Bilateral trade between India and Asean was worth US$71.69 billion in the 2017 fiscal year that ended on March 31. The trade deficit of $9.56 billion was an improvement from $14.75 billion in fiscal 2016 and $12.9 billion the previous year, but it remains a big concern of the Indian government.
The trade deficit in the last two years has been driven mainly by imports from Malaysia, Thailand, Indonesia, Brunei and Laos, data from the Director General of Commercial Intelligence & Statistics show.
India imports vegetable oils, coal, crude petroleum, consumer electronics, ships and electronic components from Asean. The latter imports buffalo meat, petroleum products, marine products, iron and steel, spices, copper and copper products from India.

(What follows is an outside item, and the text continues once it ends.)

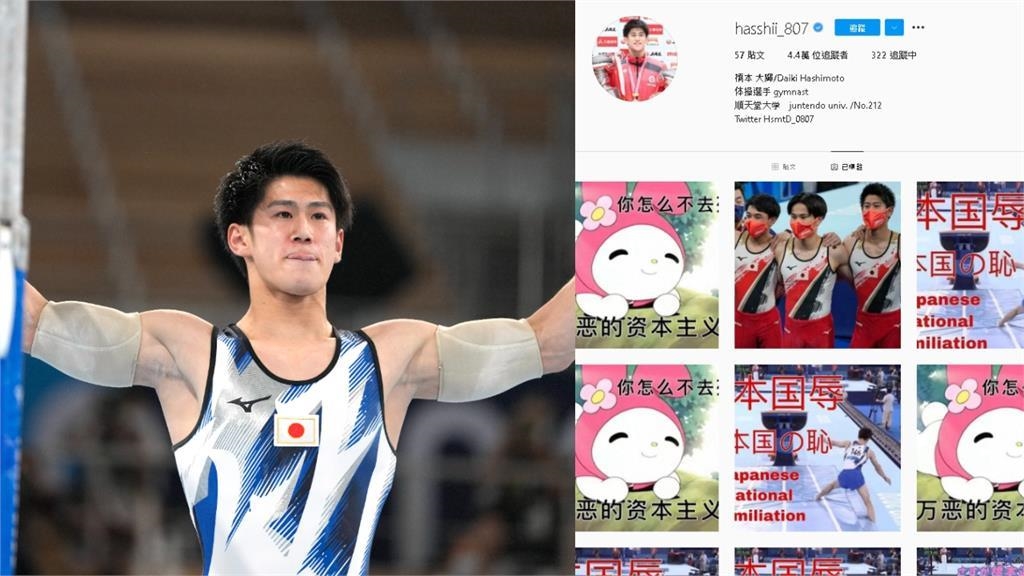 奧運男子體操個人全能項目昨(28日)結果出爐,日本選手橋本大輝以些微的差距,贏過中國選手肖若騰、奪下金牌。沒想到賽果一公布,中國網友不僅大罵裁判評分有問題,還製作許多含辱罵字眼的圖卡並標註橋本大輝的IG、對他展開洗版攻擊,離譜行徑令人咋舌。

The committee’s report notes that the Indian processed foods, rubber, coffee and pepper industries have suffered on account of cheaper imports of these products from Asean. It wants the Department of Commerce to fix appropriate quality norms for such imports, offer more incentives to local industries, incorporate a “livelihood clause” to protect producers, and study safeguard provisions against low-priced imports.
India’s strategically vital software and services industry has also experienced problems. The National Association of Software and Services Companies (Nasscom) told committee members in a meeting that authorities in Singapore were either delaying the issuance of visas to Indian professionals or rejecting such requests.
The report attributes the decline in exports of agricultural commodities to the imposition of tariff and non-tariff barriers by Asean members. Non-tariff barriers are also impeding Indian exports of pharmaceuticals, it said.
It notes, for example, that Thailand imposes a 50% tariff on buffalo meat and 30% on edible offal, while in other Asean member countries the tariffs range from zero to 10%.
Committee members criticised Asean members for allowing imports of finished leather, footwear and footwear components, blanched peanuts, tea and steel from China at much lower rates that those offered to India. It wants the Indian government to demand parity.
The report notes that finished leather and footwear components from China can enter Thailand and Vietnam tariff-free. Similar products from India face a 7.5% tariff and the timeline for reducing that rate is “quite long”, it said. Similarly, in Thailand, a tariff reduction to 5% will not take place until January 2019.
The committee also wants the Department of Commerce to “actively engage” Asean to seek a better tariff structure for steel exports from India. In comparison to Japan and China, which each have a 19% share of steel imports to Asean, Indian steel has a share of only three percent.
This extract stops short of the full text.